They can often be found hanging out in Washington Square Park. They're not from here; they travel to the city every year around this time, living on the streets, pan-handling for money. John Butler, who works at a bar in St. Roch says, "I mostly see them hanging out around all the convenience stores and fast food places and they're just begging for money".
Cops say they show up around October and stay until just after Mardi Gras. Resident Jeffrey Holmes says, "There's a lot of abandoned houses out here that they squat in, they sleep in their cars, they've been sleeping in the field here."
The NOPD says they're having problems with gutter-punks breaking into the old St. Roch Market, to spend the night. So just last week cops put another piece of plywood up to try and prevent anyone else from getting inside. But that's not all the NOPD is doing. They've put more officers on patrol in the St. Roch neighborhood and put more blue light cars on the street.
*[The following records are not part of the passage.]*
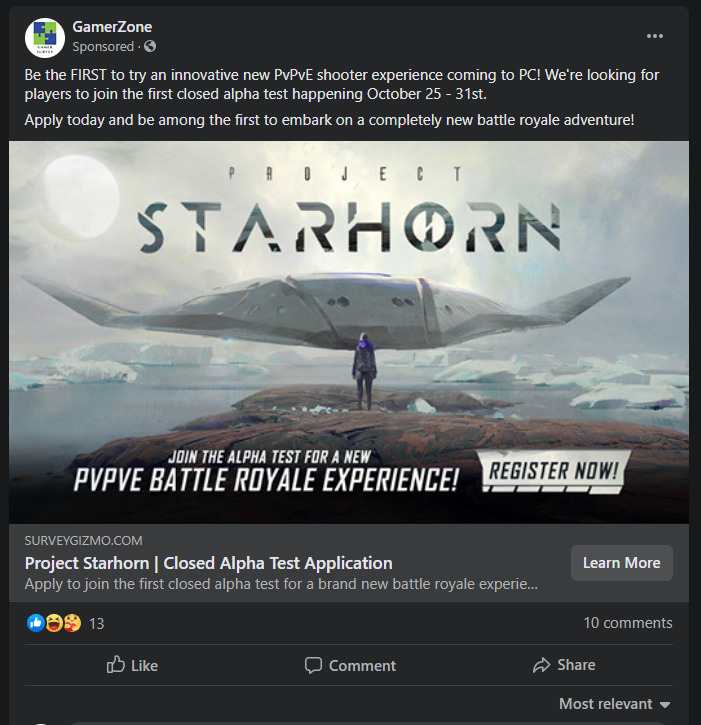 Il y a 15 jours, certains internautes ont commencé à croiser des publicités étranges sur Facebook, Instagram et Twitter les invitant à tester un certain Project Starhorn. Il s’agirait d’un nouveau Battle Royale produit par Tencent qui mélange PvP et PvE. Le problème, c’est que le titre est inconnu au bataillon (mais pas tant que ça).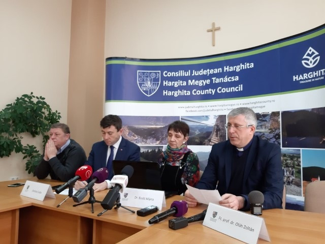 Tolmácsoljuk a Katolikus Egyház köszönetét a helyi önkormányzatok vezetőinek, Borboly Csaba Hargita megyei, Tamás Sándor Kovászna megyei és Péter Ferenc Maros megyei tanácselnöknek, Ráduly Róbert polgármesternek, akik őszinte hozzáállásukról biztosítottak, és minden követ megmozgatnak a történelmi pápalátogatás jó előkészítésének érdekében.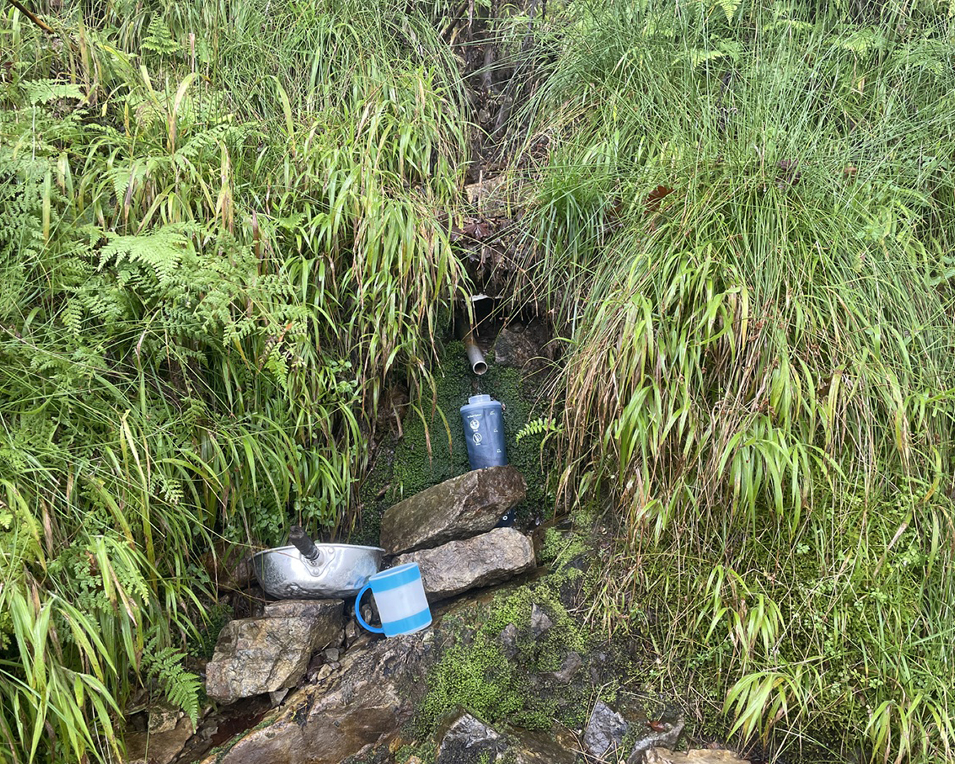 ここまでの道中、地図にあるはずの水場を見つけられなかったので、近くにある水場 「かくし水」まで一旦下り、水を確保する。雨続きなのに水量は少なかったが、30分ほどかけてなんとか必要分の水が確保できたので、折り返して予定地の深仙の宿という無人の避難小屋へ向かう。

Still, residents say these people are causing big problems. Jose Torres-Tama recalls, "One of them in particular in their drunken state, was accosting us for money."
We asked one of these "gutter punks" what he thinks of the cops calling him and his friends a nuisance. Thadeous says he doesn't pan-handle, or commit crimes, so it's unfair for cops to assume all homeless people are bad. "There are nuisances out there and there are dumb people who do dumb things and they end up going to jail" Thadeous says. He also says he's just here to play music and to help keep New Orleans alive. But tax paying residents say they want the gutter-punks gone.